Tuesday, 13 January 2009
Global shortwave aerosol radiative effect over land from Terra and Aqua
Hall 5 (Phoenix Convention Center)
Thomas A. Jones, CIMMS/Univ. of Oklahoma, Norman, OK; and S. A. Christopher
Many research studies using satellite-derived aerosol and shortwave flux information have shown that aerosols scatter shortwave radiation back into space, cooling the atmosphere under clear sky conditions. However, significant questions remain as to the magnitude of this effect, especially over land due to much greater uncertainties in the land aerosol optical thickness (AOT) retrieval algorithms. Recent improvements in these algorithms present in the Collection 5 MODIS data product allow for an improved assessment of overland aerosol radiative effects. This research uses 6 months of Collection 5 MODIS AOT data between June and November 2006 combined with shortwave flux measurements from the CERES instrument aboard the Terra and Aqua satellites. As of May 2006, MODIS Collection 5 and CERES flux data are available in the CERES-SSF product, which uses a point spread weighting function to apply the level 2 AOT data onto each CERES-level pixel. Direct radiative effect is defined as the difference between cloud and aerosol free shortwave flux and observed shortwave flux. Using this process, we produce the first estimates of radaitive effects over land from a primarily observational perspective using the latest available AOT and shortwave flux products. For this study period, we observed DRE values up to 10.0 Wm-2, which depends on total aerosol concentration, aerosol type, and assumed background conditions. Similar results were observed from both Terra and Aqua data. Radiative efficiency varies significantly from region to region, and additional research is underway to determine the precise cause.

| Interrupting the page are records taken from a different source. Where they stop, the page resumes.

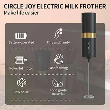 Why You will Love This Product?This frother is not just a tool; it’s a ticket to an enriching beverage experience. Imagine enjoying that velvety foam on your drinks every day, igniting a sense of satisfaction with every sip. With the CIRCLE JOY Milk Frother, you can take control over your drinks and enhance your daily rituals, while also delighting family and friends. Create warm and inviting moments that will be remembered as the delightful aroma of freshly frothed milk wafts through the air. Make coffee and beverage creations that inspire joy, creativity, and comfort at home!
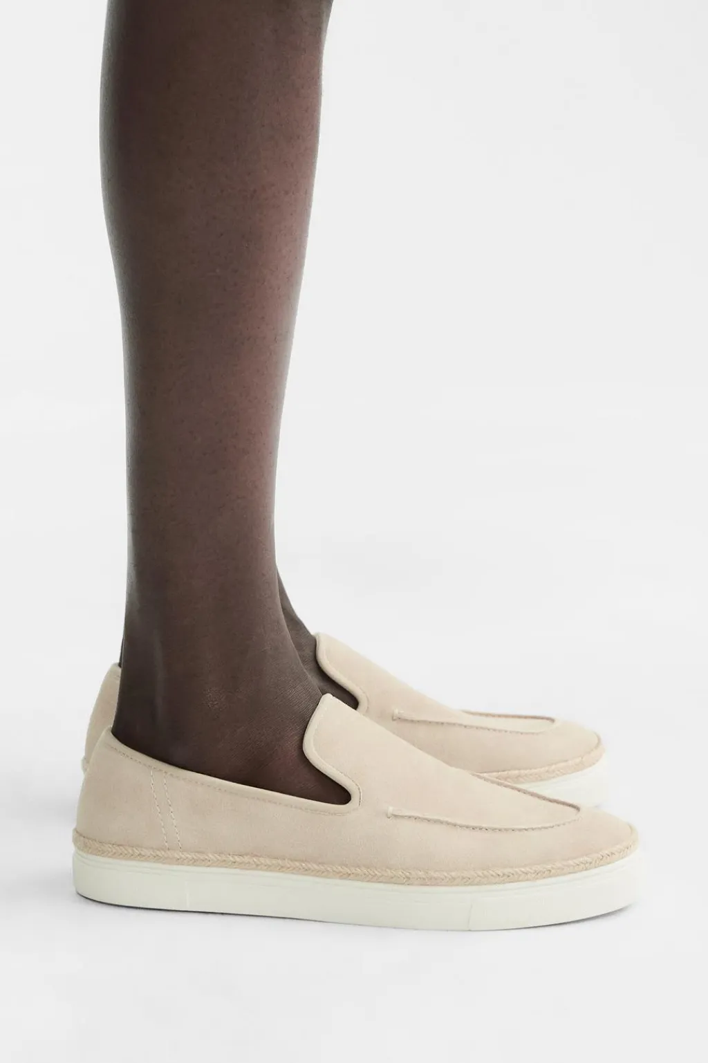 Mocasín casual. Parte superior fabricada en piel con acabado serraje. Detalle de bordón en el empeine. Piso con detalle de yute y suela estilo zapatilla deportiva.
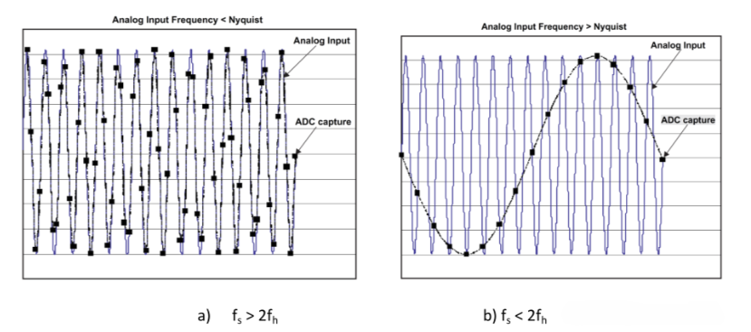 采樣率是指ADC每秒從模擬信號(hào)中采樣的次數(shù),通常以“樣本每秒”為單位。采樣率越高,數(shù)據(jù)采集系統(tǒng)能夠捕捉到的信號(hào)時(shí)間變化越精細(xì),從而提升時(shí)間分辨率。根據(jù)奈奎斯特定理,采樣率至少要是信號(hào)中最高頻率的兩倍,才能避免混疊現(xiàn)象,即高頻信號(hào)被誤認(rèn)為低頻信號(hào)的現(xiàn)象。如果采樣率低于這個(gè)要求,信號(hào)的細(xì)節(jié)將會(huì)丟失,導(dǎo)致數(shù)據(jù)失真?。

Uncertainty remains high, especially with the clear sky background which must be estimated for conditions where AOT = 0. Resulting radiative effect values can vary in excess of 50% depending on the assumptions used to derive this background. As more improved CERES-SSF data becomes available, this research will be expanded to encompass multiple years of data, while also incorporating different sensors to improve the ability to distinguish between various aerosol types over land and their relative effects to the climate.